'Islamic State'

Mohammed Amin and Dilly Hussain on ISIS

Dan Hodges’ recent post calling for an enquiry into Muslim integration met with predictably mixed responses. Raheem Kassam thought it should have gone further, whereas others found it anti-Muslim, even racist. One objection raised was that Hodges’ repeated ‘we’ seemed to assume that none of ‘us’ are Muslim.  This is perhaps debatable, but the same charge could certainly be levelled at some of the tabloids, with headlines such as ‘BBC put Muslims before you!.

But it’s not just the tabloids that pit ‘Britons’ against ‘Muslims’.  On The Report, for the Islam Channel, Yasmin Khatun recently interviewed a British supporter of ISIS, Aby Rumaysah.

I think everyone has felt the sharp sword of democracy and freedom in the Middle East and other Muslim countries across the world, so it’s not surprising to see the Caliphate say things like this, and I’m sure many Muslims would sympathise across the world with the actions that they are carrying out in terms of defence. So I’d say look, the Americans, and the British and the allies, they need to stop fighting against the Muslims, they need to stop stealing their resources, and interfering in their affairs. I think the world will be a much safer place if the Americans and the West generally would stop interfering with Musllims. (Starts at 3:45)

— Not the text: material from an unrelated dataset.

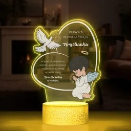 Lampka 3d z nadrukiem dla chłopca na komunię Jesteś ojcem chrzestnym? Szukasz podarku dla chłopca na komunię ? Nie wiesz, co kupić dla bliskiej osoby na wyjątkową okazję? Personalizowana lampka LED z nadrukiem 3D na szkle akrylowym to doskonały pomysł na prezent! Tabliczka akrylowa ustawiona została na solidnej podstawce z tworzywa sztucznego . Do jej zasilenia służy długi kabel USB . Lampkę podłączysz do komputera lub bezpośrednio do gniazdka z wejściem USB. Oryginalną lampkę 3D zasilą również standardowe 3 baterie AA. Kolory takie jak: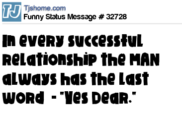 - # 116732 In every successful relationship the MANalways has the last word,,,"Yes Dear"

Later in the same programme two very different Muslim spokespeople were asked for their views on ISIS, Mohammed Amin (of the Conservative Muslim Forum) and Dilly Hussain, Deputy Editor of 5Pillarz. Amin said he supported the proposal that those who go abroad to fight for ISIS be stripped of their passports. Hussain, predictably, raised the topic of British citizens who fight in the IDF.  Amin countered that Israel is an ally, and so the issue simply isn’t a problem.

Although my conclusions would be different from his, I did agree with Dilly Hussain when he said that we needed to unpack what was meant by extremism, as it could be used to describe Islamic practices which (according to him) are ‘normative’. He didn’t go into much precise detail about these, but I’m pretty sure I would classify many of his own beliefs as ‘extreme’. Although one can hardly take people’s passports away because of what they’d like to see happen in an ideal state, I wholeheartedly agree with Ghaffar Hussain’s judgement on tackling campus extremism, quoted in a recent piece in the Times Higher.

Mr Hussain believes that individuals need to take more responsibility to tackle extremism as there is little the government can do.

“Civil society needs to step up to fight extremism. It is socially encouraged to be seen to tackle racism and homophobia, so why isn’t it acceptable to be seen to tackle Islamic extremism in the same way?” he asks.

Amin and Hussain offered sharply opposed responses to a question about how the West should deal with the problem of ISIS:

“Britain and the United States have a long tradition of not paying ransoms for kidnapped people. And our policy is quite simple – if you pay ransoms you get more kidnaps”.  (Mohammed Amin)

“I think we’re going to have to be very careful regarding how America and our government here deals with the ISIS issue. If they believe that intervention is the way forward, we need to learn lessons from the past, Afghanistan Iraq – you know, any kind of intervention results in blowbacks here, this is clearcut. (Dilly Hussain)

Dilly Hussain isn’t someone I’d turn to for thoughtful analysis of who to blame for acts of hate and violence. Here he is on the ‘root causes’ of Rotherham.

I think it’s time for Britain as a nation, irrelevant of ethnicity or creed, to take a long hard look at itself and ask – what is the fundamental cause of sex crimes? Is there one? In a society where rappers make millions from songs referring to women as “bitches” and “whores”; the celebrity lifestyle of sex, drugs and partying being glamourised; the freedom to ‘look but you can’t touch’ is evident in any street or town centre when a woman walks pass a group of males[.]

Returning briefly to Dan Hodges, my own main objection to his article was its treatment of Muslims as an undifferentiated mass, its complete failure to acknowledge the arguments within Muslim communities – many of those fighting back against the ‘Trojan Horse’, for example, were Muslims, and it was clear from The Report that Hussain and Amin have little in common. And, although Dilly Hussain insists that his views are ‘normative’, I’ve seen plenty of Muslims take issue with them in a very robust way.